To run a multivariate regression, we use the lm() function.  The dependent variable goes first, then a "~", and then the independent variables separated by commas.  If you prefer not to use the dataset$variable notation, you can add the option ", data = datasetname" after the independent variables. 

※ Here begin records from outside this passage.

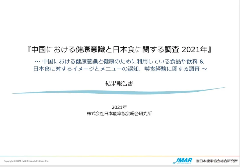 株式会社日本能率協会総合研究所(JMAR)は、経済成長を続ける中国における健康意識と利用されている健康食品を把握すること、また経済発展にともない近年多くの中国人観光客の訪日によって人気が高まっているといわれる日本食のイメージと浸透しているメニューなどを把握することを目的に『中国における健康意識と健康のために利用している食品や飲料&日本食に対するイメージとメニューの認知、喫食経験に関する調査』を、2021年4月から5月にかけて実施し、調査結果を公開したことをお知らせいたします。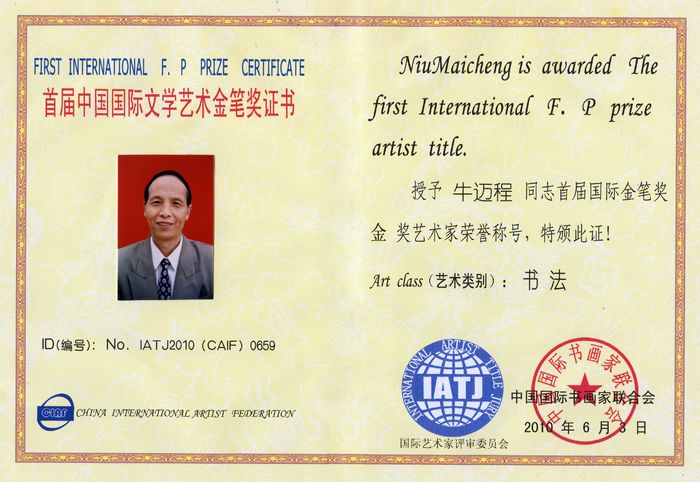 牛迈程获滕王阁杯中国南昌第九届文学艺术大奖赛大奖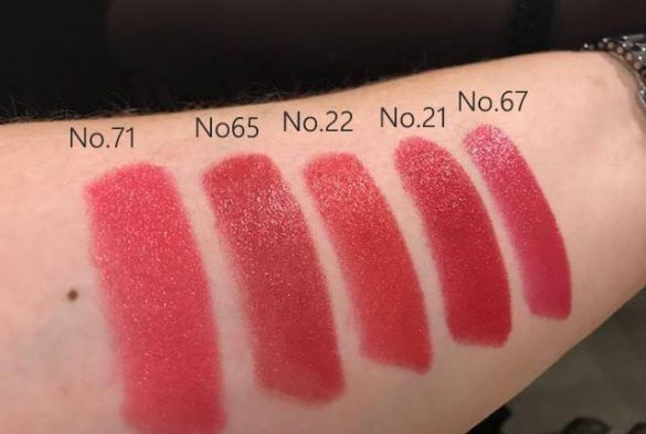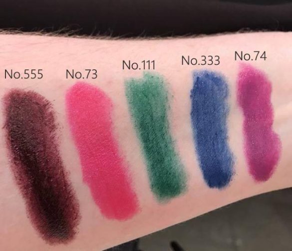 So, there will be 30 lipstick shades (£24.50) coming our way. Eight of them will be limited edition, like the blue, green or yellow one. The formula has been improved so it’s a bit different than the old Rouge G formula.
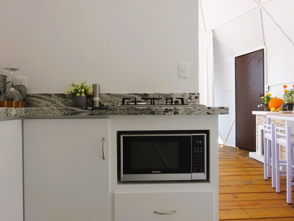 Ne abbiamo altri 3 https://abnb.me/dobQuKhzUHb https://abnb.me/J2QI6zIzUHb https://abnb.me/4CukDRDzUHb Questa cupola è una struttura a guscio costruita con aste metalliche, che le consentono di resistere a carichi molto pesanti e a forti venti nonostante la sua struttura leggera. La maggior parte delle volte, quando si pensa al glamping, si pensa anche a una situazione isolata. Anche se qui non sei esattamente isolato, visto che hai elettricità e wifi, sei abbastanza lontano dai sentieri battuti da poter ammirare il tramonto e l'alba dalla tua cupola.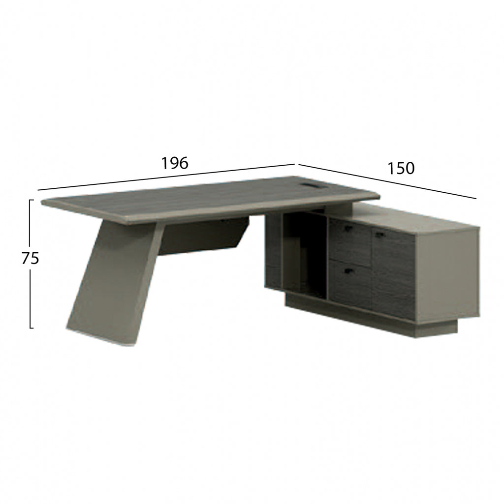 Размерите на бюрото са 196x150x75H см. Те предоставят широка площ за лаптоп, компютър, принтер и офис аксесоари. Това гарантира удобна и добре организирана работна среда.
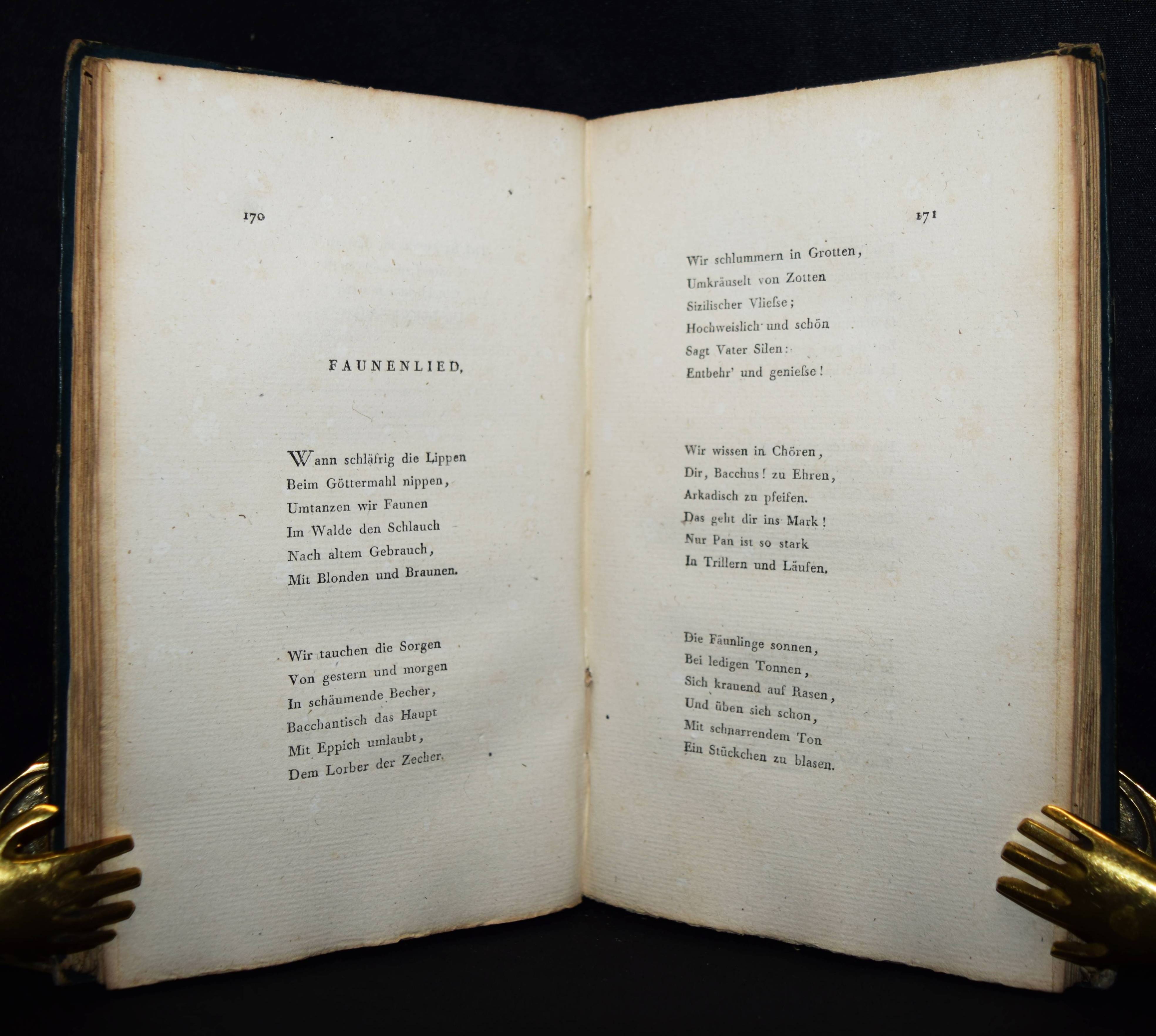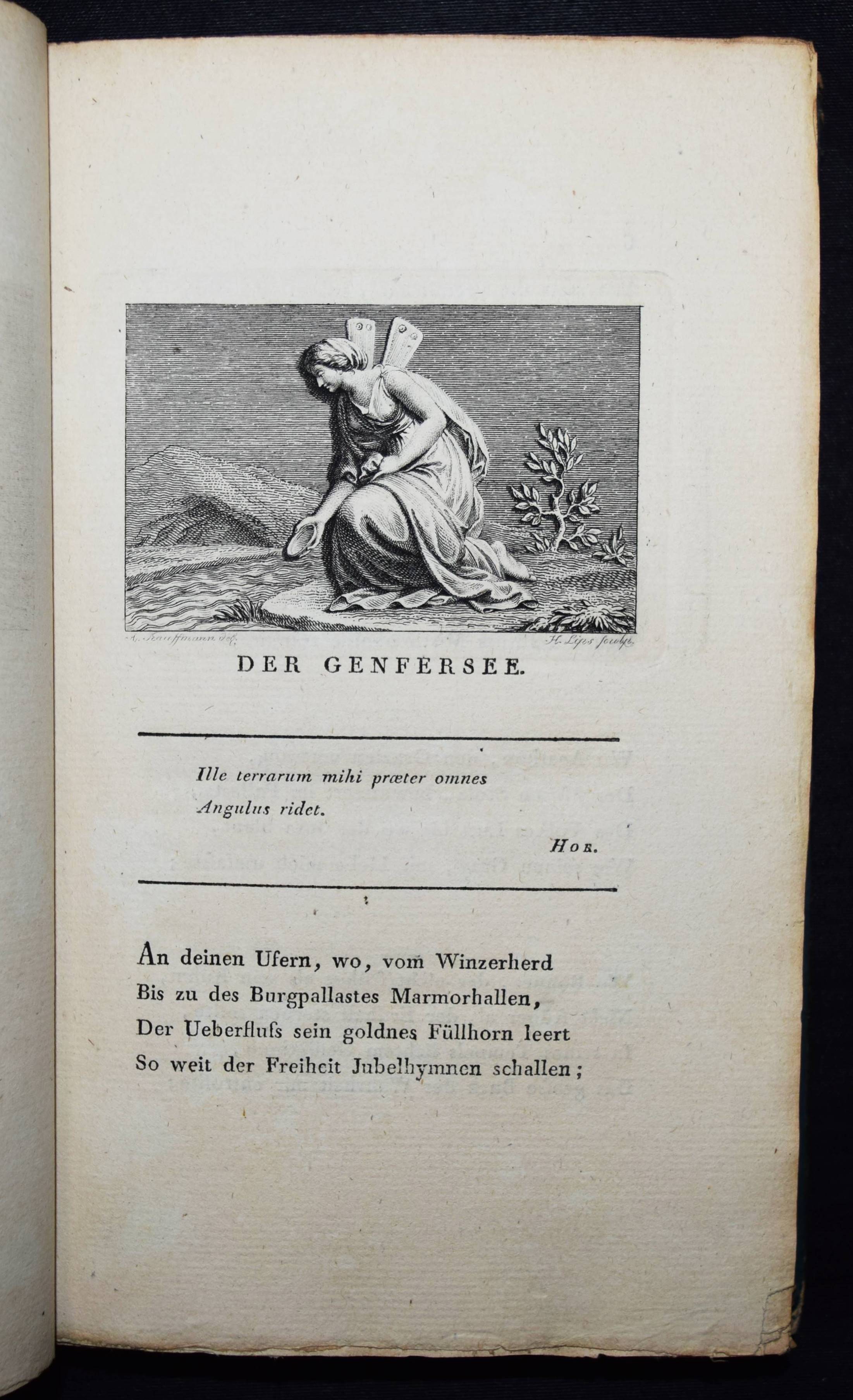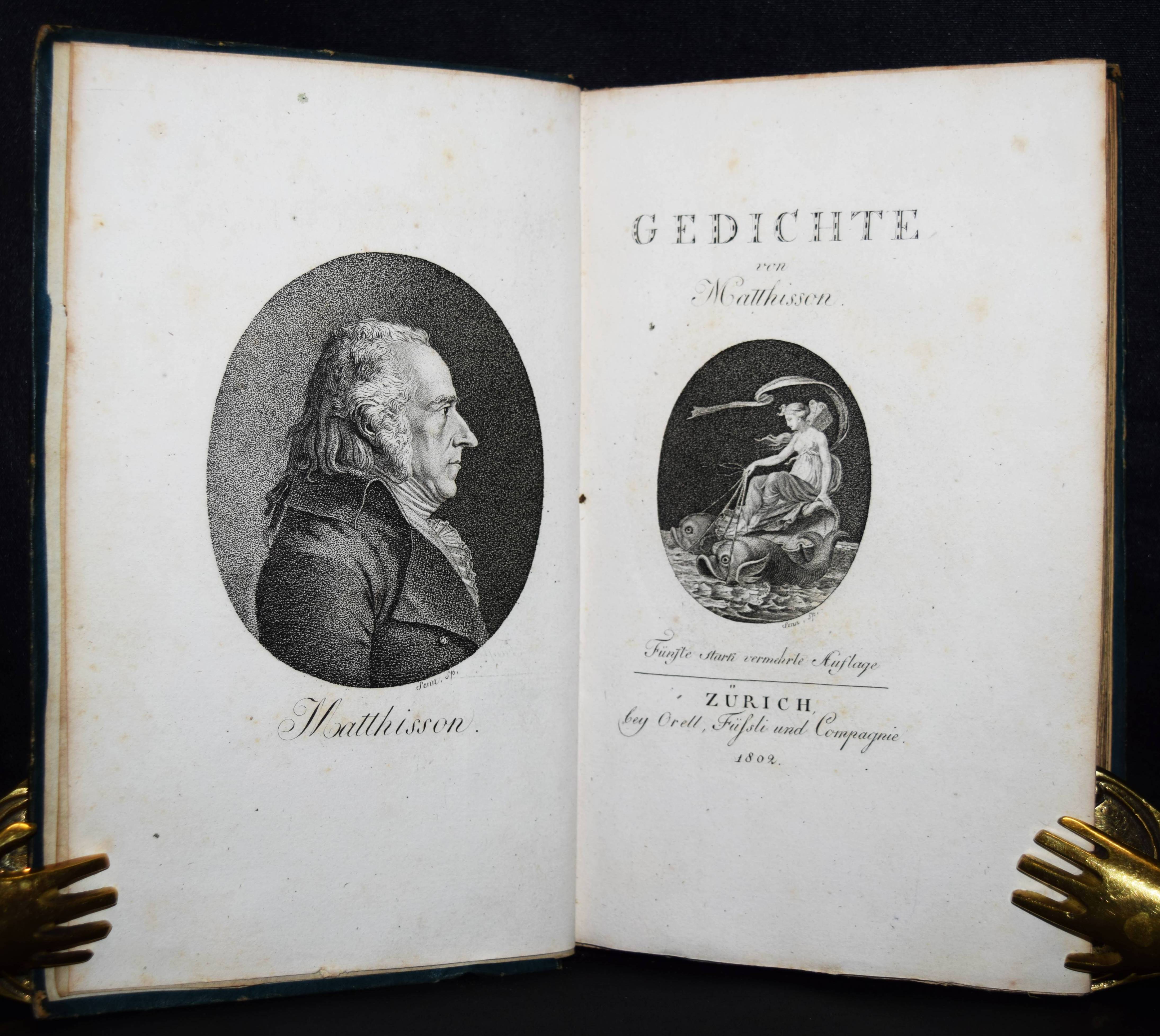 Matthisson, (Friedrich v.). Gedichte. 5. stark verm. Aufl. Zürich, Orell, Füssli u. Compagnie 1802. 8°. Titel, 332 S. mit gestoch. Portrait, gestoch. illustr. Titel u. 1 gestoch. Vignette zu dem Gedicht „Der Genfersee“. Hldr. d. Zt. mit goldgepr. Rückenschild u. Linienvergoldung. W.-G.² 21. – Vermehrte Neuausgabe der zuerst 1794 erschienenen Sammlung. – Deckel und Kanten etwas berieben, nur vereinzelt leicht braunfleckig, gutes Exemplar.

*Try running the regressions below and check that you get the same thing we went over in class.*

```{r}
  mod4 <- lm(debt_mdn ~ md_faminc + costt4_a, data=data2) 
  summary(mod4)
  
  mod5 <- lm(debt_mdn ~ md_faminc + costt4_a + pctpell, data=data2)
  summary(mod5)
  
  mod6 <- lm(debt_mdn ~ md_faminc + costt4_a + pctpell + pctfloan, data=data2)
  summary(mod6)
```

*Next, try running the stargazer table below.  Note how to add labels to the variables to make them readable.  (You should do this from now on.)  If you want to use a "%" sign, you have to put two backslashes in front of it.*  

```{r, results='asis'}
library(stargazer)
options(stargazer.comment = FALSE)

stargazer(mod4, mod5, mod6,
            title = "Factors Affecting Median Student Debt",
            covariate.labels = c("Median Family Income", "Cost", 
                                 "\\% w Pell Grants", "\\% w Federal Loans", "Constant"), 
            dep.var.caption = "",
            dep.var.labels.include = FALSE,
            type = 'latex', header=FALSE)
```

*Now try running a model where you regress admission rate (adm_rate), SAT average (sat_avg), faculty salaries (avgfacsal), and undergraduate enrollment (ugds) on cost (costt4_a). Remember to clean the variables.*
```{r}
  mod1 <- lm(costt4_a ~ adm_rate + sat_avg, data=data2) 
  summary(mod1)
    mod2 <- lm(costt4_a ~ adm_rate + sat_avg + avgfacsal, data=data2) 
  summary(mod2)
  mod3 <- lm(costt4_a ~ adm_rate + sat_avg + avgfacsal + ugds, data=data2) 
  summary(mod3)
```

*Make a "pretty" table using stargazer.  Include labels for the covariates.*
```{r,results='asis'}
library(stargazer)
options(stargazer.comment = FALSE)

stargazer(mod1, mod2, mod3,
            title = "Factors Affecting the cost of college",
            covariate.labels = c("Admission Rate", "SAT average", 
                                 "Faculty Salaries", "Undergraduate Enrollment", "Constant"), 
            dep.var.caption = "",
            dep.var.labels.include = FALSE,
            type = 'latex', header=FALSE)
```

*How would you interpret each of the beta coefficients, in terms of both size and significance?  Try varying the wording a bit (e.g. mixing up "on average", "predicted", and "expected").*

*How would you interpret the alpha coefficient?*

*How would you interpret the R-squared and adjusted R-squared?*

*How would you interpret the F-statistic?*

#Merging Data

*Sometimes you will need to merge one data set with another.  To try this, let's try adding the "hbcu" variable for whether or not a school is a historically black college or university into the data.  Download this from Canvas. Then put the file path for it into the code below, where it says "filepath".  Then try merging it.  Look at both data sets individually, and check that the hbcu variable is now in your main data set.  If you have the data open as something other than CSdata, you also need to put the name of your dataset where it says "CSdata" in the merge() function.*

```{r}
CSminidata <- read.csv("/Users/kevinxyliu/Desktop/CSminidata-1.csv", row.names=1, stringsAsFactors=FALSE)
newCSdata <- merge(data2, CSminidata, by = c("opeid6", "instnm", "city", "main"))
```

Since the mini data is a .csv file instead of a .dta file, you use read.csv().  In the options, you add row.names=1 so that it does not give you an extra column of row numbers.  (If you want to see what I mean, take that option out and run it.  You'll have an extra variable.)  I also set it to not import string variables as factor variables. 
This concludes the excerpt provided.